Sędziował bardzo dobrze p. Obrubański, Rogów 3 : 3.


Sportowiec: tygodnik ilustrowany, poświęcony wszelkim gałęziom sportu: oficjalny organ Toruńsk. Zw. Okręg. Piłki Nożnej: oficjalny organ Toruńskiego Klubu Sportowego. R.2, 1924, nr 45 1924.08.28

Od dłuższego czasu zapewne P. T. Czytelnicy zauważyli brak listów z Krakowa. Stało się to tylko z powodu wyjazdu mego; obecnie będę się starał nagrodzić Wam brak wiadomości z podwawelskiego grodu, przez częste a długie listy. W okręgu naszym po całym szeregu spotkań międzynarodowych, w którym uczestniczyły drużyny wszystkich państw ościennych, Niemiec, Czechosłowacji, Austrji, Węgier a nawet Danji nadeszła pora na rozpoczęcie rozgrywek o mistrzostwo okręgowe. Pierwsza do zawodów stanęła Wisła; rozpoczęła ona pierwsza tego roku sezon, pierwsza drużyna zagraniczna jaka gościła była sprowadzona przez Wisłę, a obecnie i w mistrzostwie mistrz okręgu pierwszy rozpoczął walkę o utrzymanie zaszczytnej godności. Dotychczasowe rozegrane dwa spotkania dały Wiśle 4 punkty i 9:0 bramek. Przeciwnikiem pierwszym był niemiecki klub z Bielska B. B. S. V., który przybył w składzie mocno odmłodzonym. B. B. S. V. słynął z drużyny złożonej z kanonów. Wisła lekceważąc przeciwnika wystąpiła z kilkoma rezerwowymi Gra prowadzona ambitnie, przy przewadze miejscowych zakończyła się zwycięstwem mistrza w stosunku 4:0.

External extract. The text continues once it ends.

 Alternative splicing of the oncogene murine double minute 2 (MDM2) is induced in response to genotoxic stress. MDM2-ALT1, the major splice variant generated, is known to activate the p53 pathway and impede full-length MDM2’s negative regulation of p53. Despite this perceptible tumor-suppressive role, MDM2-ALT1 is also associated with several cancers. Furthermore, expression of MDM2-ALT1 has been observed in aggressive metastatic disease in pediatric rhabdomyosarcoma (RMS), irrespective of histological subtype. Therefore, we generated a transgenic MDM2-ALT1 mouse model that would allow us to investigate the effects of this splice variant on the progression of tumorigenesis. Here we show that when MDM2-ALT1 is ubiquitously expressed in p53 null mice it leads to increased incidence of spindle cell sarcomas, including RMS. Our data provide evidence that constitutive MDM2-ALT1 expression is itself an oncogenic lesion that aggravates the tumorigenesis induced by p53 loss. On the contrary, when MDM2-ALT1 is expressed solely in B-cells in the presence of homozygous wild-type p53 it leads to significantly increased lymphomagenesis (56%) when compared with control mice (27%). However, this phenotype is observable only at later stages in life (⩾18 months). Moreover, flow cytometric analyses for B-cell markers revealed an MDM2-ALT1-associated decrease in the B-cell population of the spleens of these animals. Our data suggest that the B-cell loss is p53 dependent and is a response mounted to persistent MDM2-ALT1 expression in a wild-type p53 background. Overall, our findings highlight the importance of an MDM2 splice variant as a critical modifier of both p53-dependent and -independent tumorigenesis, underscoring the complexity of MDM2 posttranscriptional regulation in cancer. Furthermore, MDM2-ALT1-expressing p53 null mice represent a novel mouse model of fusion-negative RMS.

Drugim przeciwnikiem, ale już groźniejszym od B. B. S. V. była Jutrzenka, która w ostatnich czasach grą swą ostrą i ofiarną dawała złudzenie, że okres słabości tej drużyny minął bezpowrotnie. Do jednych z takich zawodów należał niedawno rozegrany mecz z Pogonią katowicką, w czasie którego Jutrzenka nie ustępowała gościom w ostrej grze. To też zawody budziły wielkie zainteresowanie, a mimo iż równocześnie odbywał się konkurencyjny mecz Sparta (Praga) —Cracovia zgromadziły dość dużą ilość widzów. Do przerwy Jutrzenka gra wspomagana wiatrem ostro, i dość często zagraża bramce mistrza. Wisła spokojnie a powoli zaczyna przychodzić do głosu; po przerwie zawody zamieniają się już na trening na połowie Jutrzenki, która wszelkiemi siłami stara się obronić od wysoko cyfrowej klęski. Wynik ostateczny 5:0 jest wykładaniem sił. Najlepszy z Wisły Reyman tak strzałami jak i kierownictwem ataku.